The philosophical development that Gwendolin Kirchhoff brings to this work anchors Hellinger’s empirical observations in a dual foundation: Buber’s I-Thou ontology explains why relationship is primary. Schelling’s Naturphilosophie explains why space itself can become a medium — because nature is not dead matter but a living nexus in which relationships operate before they become conscious (Schelling, 1797). What the constellation reveals touches an insight that extends far beyond family dynamics: that the whole of human emotionality springs from the I-Thou relation, and that the capacity to connect with those closest to us in love forms the absolute centre of human existence.
For a detailed account of how a constellation unfolds in practice, see the essay What happens in a family constellation?. The philosophical foundations are explored further in Family constellation and philosophy. For a critical engagement with Hellinger’s legacy, see Family constellation and the critique of Hellinger.
Sources
- Hellinger, B. (1998). Love’s Hidden Symmetry. Phoenix: Zeig, Tucker & Theisen. English-language presentation of the three ordering principles.
- Hellinger, B. (1994). Ordnungen der Liebe. Heidelberg: Carl-Auer. On the three ordering principles in family systems.
- Hellinger, B. (1993).
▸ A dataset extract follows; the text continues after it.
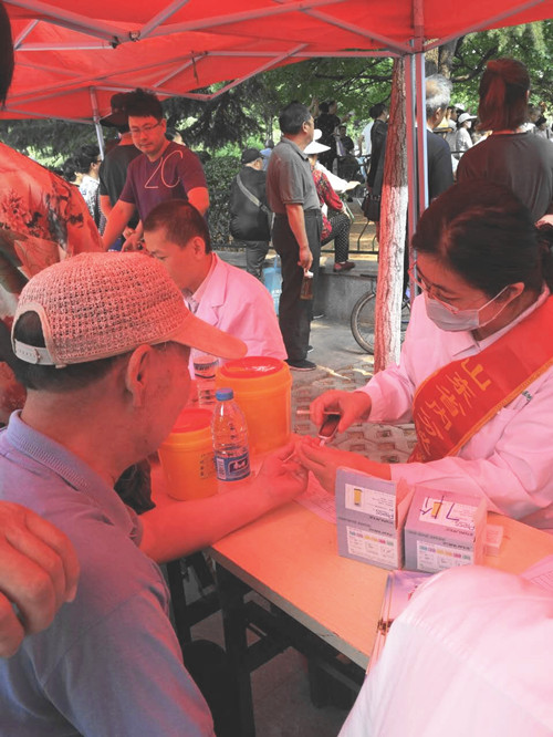 活动当天,山东省糖尿病医院志愿队带着相关测量仪器,来到济南革命烈士陵园为园区内的老年人提供服务。血糖检测要求空腹或饮食后两小时进行,志愿队成员七点半就来到园区,为晨练的老年人进行义诊。建立病例、检测血糖、测量血压,到场的专家根据测量结果,指导老人们在日常生活中有效的控制血压和血糖。

Zweierlei Glück. Heidelberg: Carl-Auer. Resolution sentences and the practice of constellation work.
- Buber, M. (1923). Ich und Du [I and Thou]. Leipzig: Insel. “In the beginning is the relation” — the ontological foundation of constellation work.
- Schopenhauer, A. (1818). Die Welt als Wille und Vorstellung [The World as Will and Representation]. Leipzig: Brockhaus. The principium individuationis and the permeability between individuals.
- Schelling, F. W. J. (1797). Ideen zu einer Philosophie der Natur [Ideas for a Philosophy of Nature]. Leipzig: Breitkopf und Härtel. Nature as a living nexus in which relationships operate before they become conscious.